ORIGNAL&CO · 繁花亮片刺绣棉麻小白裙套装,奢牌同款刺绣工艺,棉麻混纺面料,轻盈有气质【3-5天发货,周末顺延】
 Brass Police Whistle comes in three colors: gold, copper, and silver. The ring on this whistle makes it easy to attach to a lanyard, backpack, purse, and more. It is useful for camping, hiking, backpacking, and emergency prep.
---
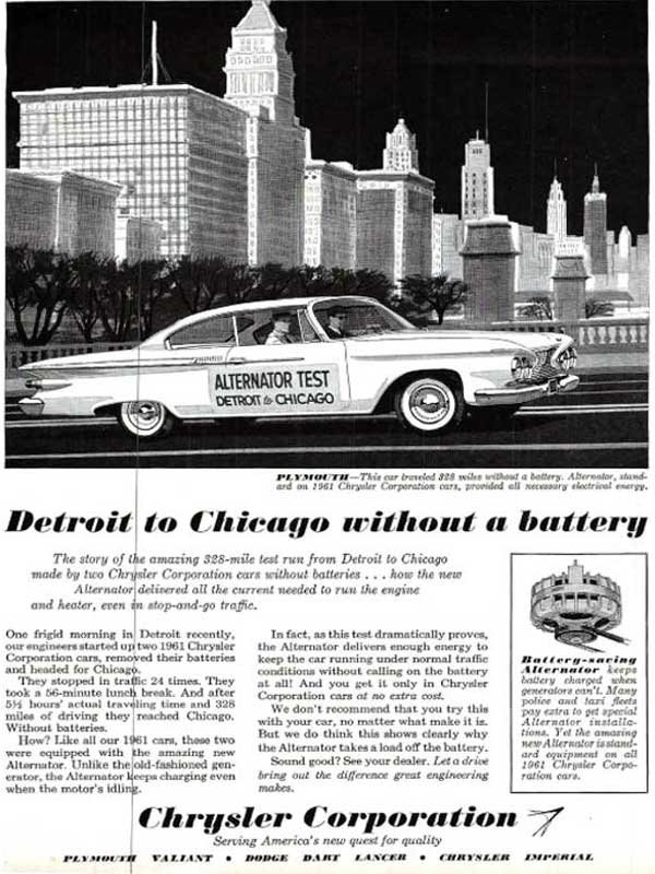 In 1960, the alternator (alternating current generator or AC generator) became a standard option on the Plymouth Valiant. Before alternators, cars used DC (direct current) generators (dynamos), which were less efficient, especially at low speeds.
* * *
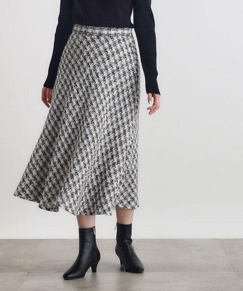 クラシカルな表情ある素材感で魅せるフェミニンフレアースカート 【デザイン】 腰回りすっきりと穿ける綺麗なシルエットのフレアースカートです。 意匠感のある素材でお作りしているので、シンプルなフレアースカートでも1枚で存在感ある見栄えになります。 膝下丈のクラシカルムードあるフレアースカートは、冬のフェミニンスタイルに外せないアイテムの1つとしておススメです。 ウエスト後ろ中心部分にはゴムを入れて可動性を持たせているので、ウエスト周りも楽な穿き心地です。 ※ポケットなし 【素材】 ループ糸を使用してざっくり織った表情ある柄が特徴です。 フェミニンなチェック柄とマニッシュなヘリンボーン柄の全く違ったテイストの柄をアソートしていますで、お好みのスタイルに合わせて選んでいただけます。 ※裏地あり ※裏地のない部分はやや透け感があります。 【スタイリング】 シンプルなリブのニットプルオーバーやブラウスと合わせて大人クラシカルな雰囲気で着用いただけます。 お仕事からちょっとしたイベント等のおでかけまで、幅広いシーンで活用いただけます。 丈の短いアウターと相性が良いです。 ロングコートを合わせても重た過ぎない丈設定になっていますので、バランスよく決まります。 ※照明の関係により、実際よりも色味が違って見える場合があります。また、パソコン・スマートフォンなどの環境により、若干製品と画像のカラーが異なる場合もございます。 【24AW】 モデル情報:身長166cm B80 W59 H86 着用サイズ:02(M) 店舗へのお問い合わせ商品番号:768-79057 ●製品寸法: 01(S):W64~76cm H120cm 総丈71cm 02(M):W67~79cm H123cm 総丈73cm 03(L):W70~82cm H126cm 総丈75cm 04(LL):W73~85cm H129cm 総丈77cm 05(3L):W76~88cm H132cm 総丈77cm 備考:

**Work to complete**
Where the listing above reaches the line that contains "ORIGNAL&CO · 繁花亮片刺绣棉麻小白裙套装,奢牌同款刺绣工艺,棉麻混纺面料,轻盈有气质【3-5天发货,周末顺延】", start retyping, and finish with the line that contains "Brass Police Whistle"; reproduce those lines exactly and no others.

**Exercise response**
ORIGNAL&CO · 繁花亮片刺绣棉麻小白裙套装,奢牌同款刺绣工艺,棉麻混纺面料,轻盈有气质【3-5天发货,周末顺延】
 Brass Police Whistle comes in three colors: gold, copper, and silver. The ring on this whistle makes it easy to attach to a lanyard, backpack, purse, and more. It is useful for camping, hiking, backpacking, and emergency prep.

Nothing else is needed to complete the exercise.